Thermopolis is also the portal to the Wind River Canyon where one of the most scenic drives in Wyoming, the Wind River Canyon Scenic Byway, winds among spectacular cliffs and rock walls. After 14 miles, it culminates at the Boysen Reservoir, a popular sporting area in Boysen State Park.

Bighorn Mountains

Surrounded by six mountain ranges, the Bighorn Basin covers an area that’s roughly 150 miles long and 80 miles wide. At its northeastern terminus its namesake mountains loom over the basin, studded with the pine, spruce and fir trees of the Bighorn National Forest. Scenic roads and hiking trails crisscross the Bighorn Mountains and lead to some of the most ruggedly beautiful lookouts in the country. A favorite is Devil Canyon Lookout in the Bighorn Canyon National Recreational Area, an elongated parcel of scenic glory shared by Wyoming and Montana (the Lookout is actually three miles into Montana). Along with the dizzying views from the Canyon ridges into the winding gorge of the Bighorn River, it’s sometimes possible to spot wild horses, bighorn sheep and mountain goats straggling on the canyon walls. 

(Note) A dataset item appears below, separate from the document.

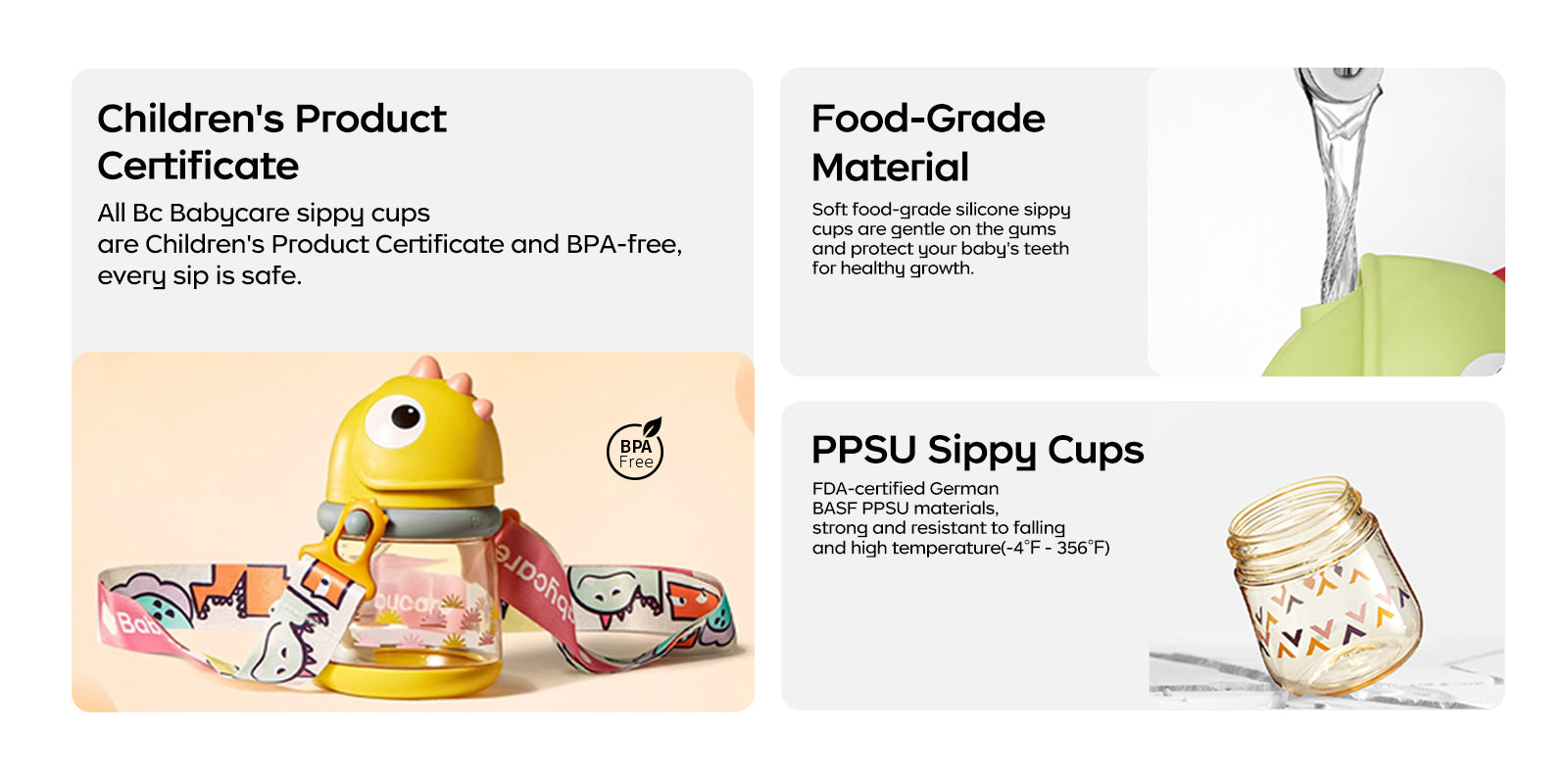 - 100% leak-proof seal - The well-sealed sippy cup won't leak even if it falls off the dining table or stroller.

All around, a steep and craggy world of beautiful tors and sacred Native American circles stipple the Bighorn Mountains culminating at Bighorn Medicine Wheel atop Medicine Mountain east of Bighorn Lake. Designated a National Historic Landmark in 1970, Medicine Wheel is a mysterious circle of stones 80 feet in diameter with 28 lines or spokes radiating from its center to the outer rim. It is still a sacred place of ritual for Native Americans but can be visited by anyone willing to brave the steep gravel road that leads to a parking lot, then walk the 1 ½-mile trail to the circle.

Devils Tower Monument

Rising majestically where the forests of northeastern Wyoming meet the central prairie lands and the Belle Fourche River carves the sandstone into labyrinthine gorges, Devils Tower Monument stands out like a corn dog stuck in a pizza.  You can see it for miles.  Every year more than 5,000 rock climbers scale the iconic butte where hundreds of parallel cracks on hexagonal columns provide finger- and foot-holds. For non-climbers, three walking trails loop around the base of the monument and provide views that show how the rock changes with its orientation: eroded columns on the south side, a smoother north side, and fallen broken columns on the west. It takes about 45 minutes to walk the shortest loop around the base through a forest of ponderosa pine and scree. Look out for poison ivy and don’t pet the rattlesnakes.

As the most sparsely populated state, and with scenic spaces that lend themselves to quiet contemplation or pleasurable exploration, Wyoming may just be the perfect antidote to pandemic confinement. Learn, dream and plan. When it’s safe to travel, you’ll be ready.